Here's the mental model that changed everything for our engineering team.

Imagine you take 10 terabytes of text — every book, article, forum thread, and Stack Overflow answer ever written — and you compress it into a 70 GB file. Not lossless compression. Lossy compression. Like JPEG.

Now, when you ask a question, you're not "querying a database." You're asking a compressed file to reconstruct information that may or may not have survived the compression.

This isn't a metaphor. Claude Shannon proved in 1948 that prediction and compression are mathematically identical. A system that predicts the next token is a compression algorithm. The model weights are the compressed file. Every LLM you've ever used is a sophisticated JPEG for human knowledge.

And if you've ever tried to read a street sign in an aggressively compressed JPEG — you already know exactly how hallucinations work.

The JPEG Analogy Explains Everything

When you compress an image to JPEG quality 20%, a few things happen:

Large, high-contrast objects survive well — the face is recognizable, the sky stays blue
Fine details get destroyed first — the text on a sign, the license plate, individual eyelashes
Artifacts appear at boundaries — blocky regions, phantom colors, edges that don't exist in the original
The artifacts look plausible — a non-expert won't notice them

Now translate that to LLMs:

JPEG	LLM
Large, high-contrast objects	Common knowledge, frequent patterns
Fine details	Rare facts, exact numbers, specific dates
Boundary artifacts	Hallucinations
Quality setting (1–100%)	Model size (7B → 70B → 405B)

A hallucination is a compression artifact. The model "remembers" that something of a certain type belongs in this position (a citation, a number, a name), but the exact bits were lost in compression. So it reconstructs something plausible.
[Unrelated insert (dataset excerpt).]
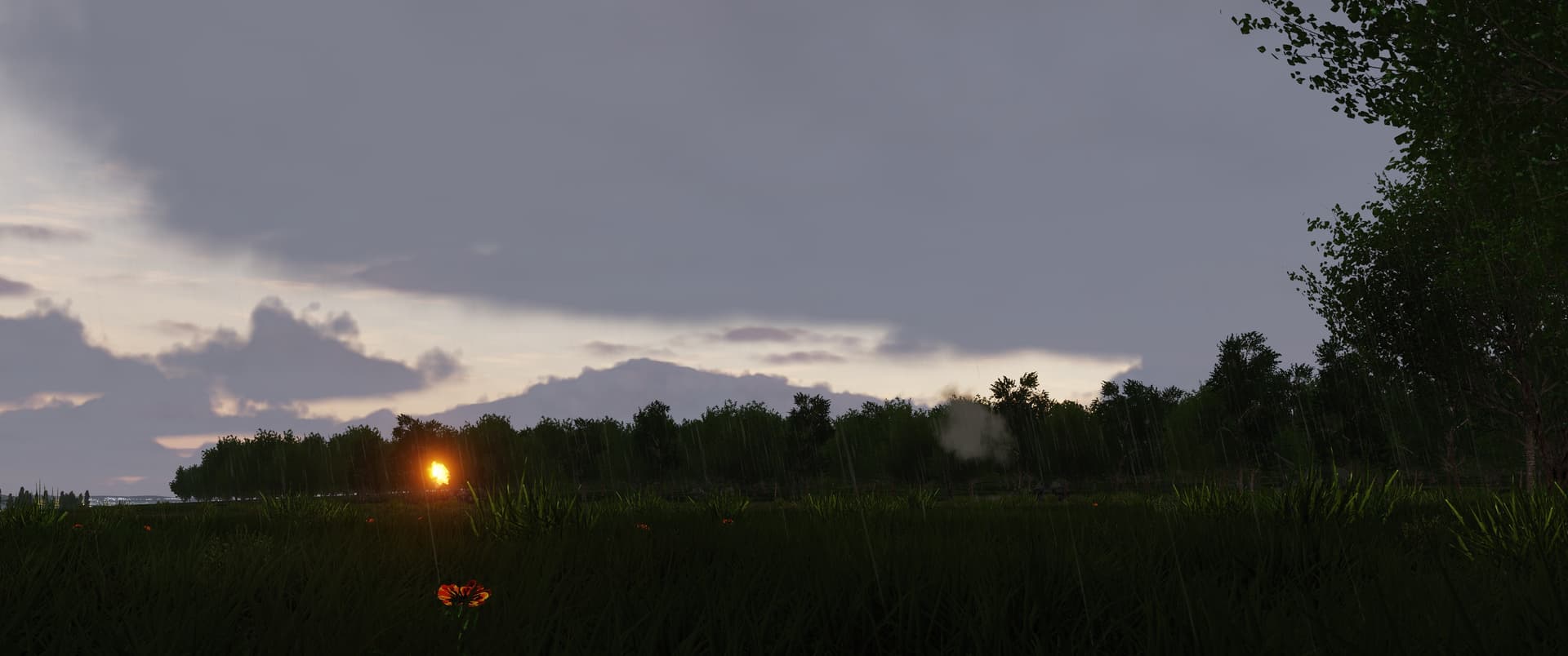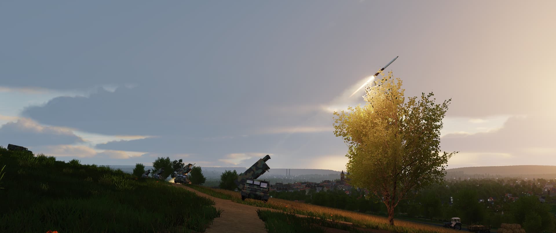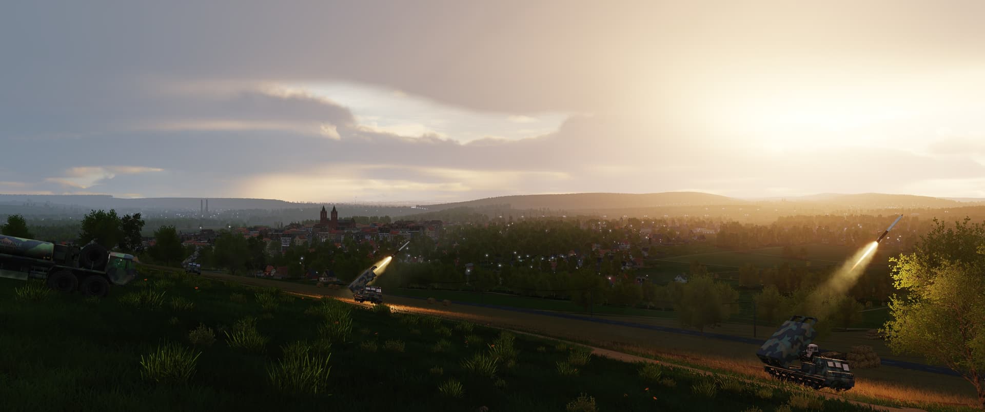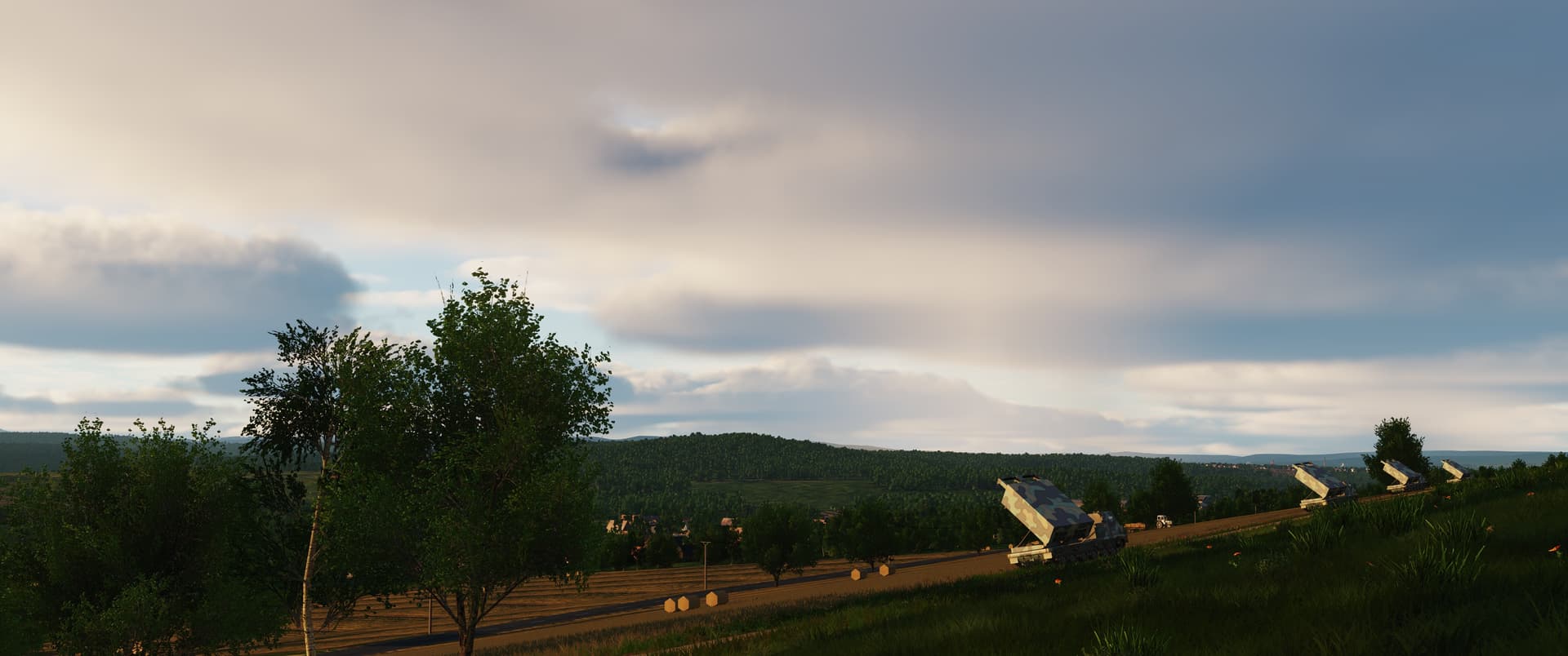 A small group of hastily assembled German Leopard tanks are watching the Soviet armor approach across the fields while the “Square Grid Removal System” puts in some work.

Exactly like JPEG reconstructs pixels that weren't in the original.

This is why LLMs confidently hallucinate. JPEG doesn't mark its artifacts as artifacts. The codec doesn't know where it lost information — that metadata was lost too.

Why This Pattern Shows Up in Our Work

We've shipped AI integrations for clients ranging from Telegram-based GameFi platforms to enterprise SaaS automation tools. Here's what we see consistently:

LLMs are great at code because code is highly compressible. Strict syntax, repeating patterns, limited vocabulary. for i in range(n) appears millions of times in training data. The codec captures that pattern nearly losslessly. Ask GPT to write a REST endpoint — it'll be fine. Ask it to recall the exact API signature of an obscure library from 2019 — you're asking for a blurry license plate.

LLMs struggle with math because exact numbers are fine details — the first things lossy compression throws away. 23 × 47 = 1081 is just three random numbers with no pattern to compress. The model can't "compress" a multiplication table; it can only reconstruct "something numerical that looks right."

Larger models hallucinate less because they have more bits. Going from 7B to 70B parameters is literally increasing the bitrate. More storage space → fewer forced lossy tradeoffs → finer details preserved. This is why the race for parameters is a race for bitrate.

Temperature is your quality slider — but backwards. Temperature 0 = argmax decoding, crisp output, but artifacts are sharper. Temperature 1.5+ = you're adding noise, blurring artifacts at the cost of coherence. "Creativity" in an LLM is interpolation between possible reconstructions in latent space — the same way an over-compressed JPEG invents colors between blocks.

The Fix: Don't Ask JPEG for Lossless Data

Once you accept the compression frame, every modern AI technique clicks into place:

RAG Is Inserting a PNG Fragment Into Your JPEG

Retrieval-Augmented Generation works because you're injecting lossless data directly into a lossy system. Instead of trusting the model's compressed memory of a fact, you hand it the original. It's more expensive (context windows aren't infinite), but the artifact rate drops dramatically.

In our AI-powered SaaS projects at Gerus-lab, RAG is non-negotiable for anything that requires factual precision — pricing data, legal clauses, client-specific configurations. We treat the LLM as a reasoning engine, not a fact store.

Fine-Tuning Is Re-Encoding With New Priorities

Fine-tuning says: "I don't care if you compress Victorian poetry poorly. Spend those bits on financial documents instead." You're redistributing the bit budget.

We do this for domain-specific clients: a fine-tuned model that's seen thousands of examples from a particular industry will have compressed those patterns better than a general model. Less hallucination in domain, more in everything else — a conscious tradeoff.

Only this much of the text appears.